I have a vivid memory from the age of twelve, during a summer on Gull Lake, of my father bringing back to the house a colleague from the Gull Lake Bible conference. The man smelled of cheap after-shave lotion and sweat, and he and my father together forced me down onto my knees while my father demanded that I take Jesus "as my personal savior." Although over the years I learned to view myself and life in deeply religious terms, this experience had nothing of that religious flavor to it. It was all about coercion, rigidity, and subjugation, none of which have anything to do with what the historical Christ represents. Of course, I wasn't thinking in those terms then, but I certainly felt the alienation, control, and lack of love in my father's behavior. I refused his demand.
My father's conversion, and the way he expressed it, lost me my father, replacing him with a harsh disciplinarian.
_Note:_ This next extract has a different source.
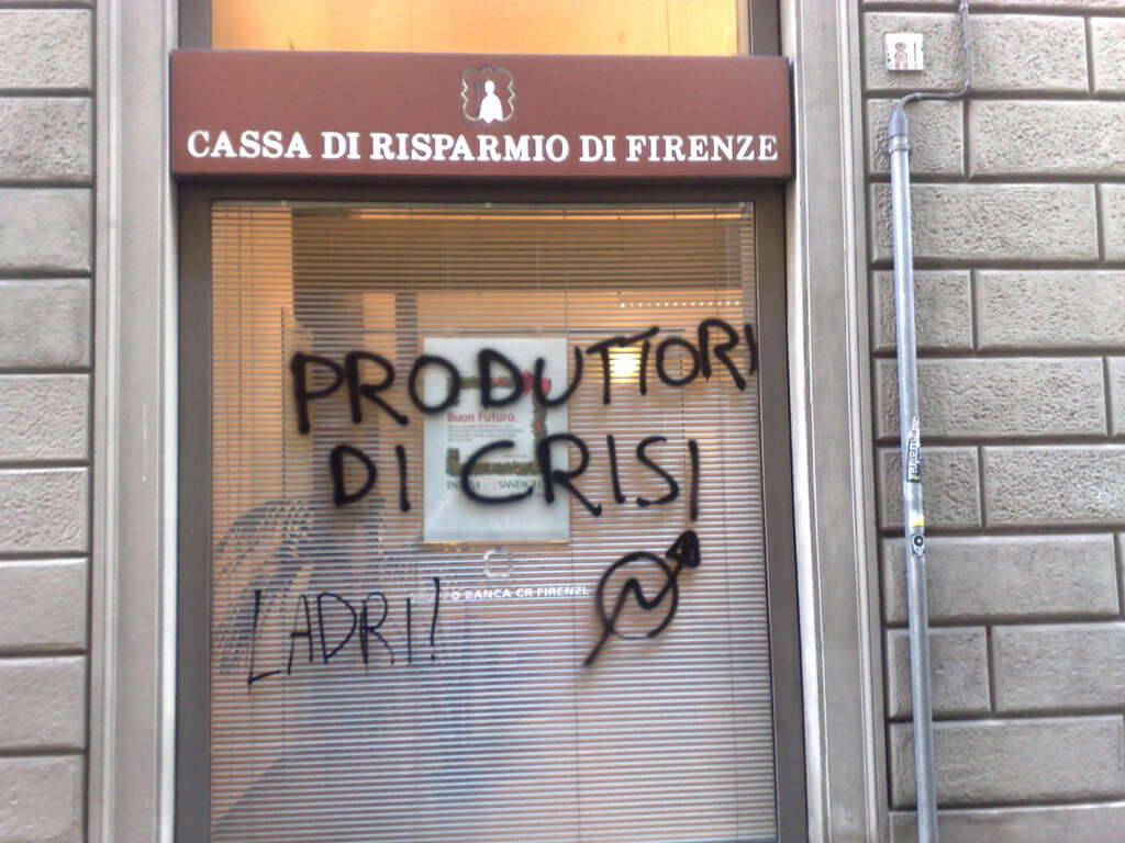 “Una compassione che si trasforma in rabbia quando lor signori buttano per terra i cassonetti e imbrattano tutte le vetrate di una banca, sportelli bancomat compresi, come è accaduto in via dei Servi – ha aggiunto Cellai –. Da rimanere allibiti al vedere come hanno ridotto la banca nonostante la nutrita presenza delle Forze dell’Ordine in cima e in fondo al gruppo dei manifestanti.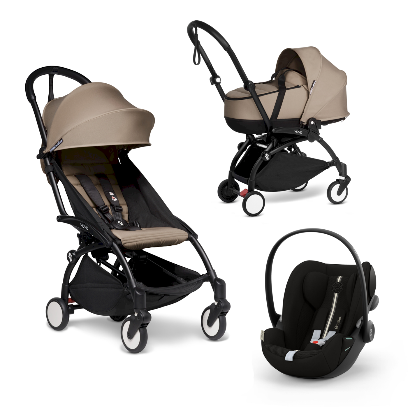 Бебешка количка BABYZEN YOYO² 3 в 1, черна рамка, с кош за носене, столче за кола Cloud G и цветен пакет Taupe

While my father must have felt he had returned to the religion of his own father, there was a vast difference between the two in the way their religious sense manifested. My grandfather emanated authority, but didn't ask for it. You wanted to hear him and listen to him and be with him simply because of who he was. My father, instead, demanded authority and obedience, but by virtue of this demand, failed to be convincing. His interior seemed empty.
True spirituality and religious commitment are about adherence to a transcendent order of things, an order that manifests itself through our own transformation into an increasingly loving person who then supports the well-being, growth, and transformation of others. Our own transformation, because it is so deep, is also always, in a certain sense, homegrown. It grows out of experience, often out of the sufferings and challenges of life, and out of the way life demands that we become bigger and better than we are. The study of religious texts and listening to religious sermons can provide deeply important stimuli along the way. But there is no text and no doctrine that can replace or substitute for the inner commitment to self and others that grows out of a profound self-questioning, and that forces us to confront the purpose of our life and of our relationship to others. When such self-questioning is deep, it leads to heightened compassion and care, and to an attempt to change the world for the better. But if we turn to a religious doctrine out of fear, anxiety, and guilt, as I believe on some level my father must have done, religious commitment becomes something imposed and doctrinaire. Instead of growing, we shrink as human beings.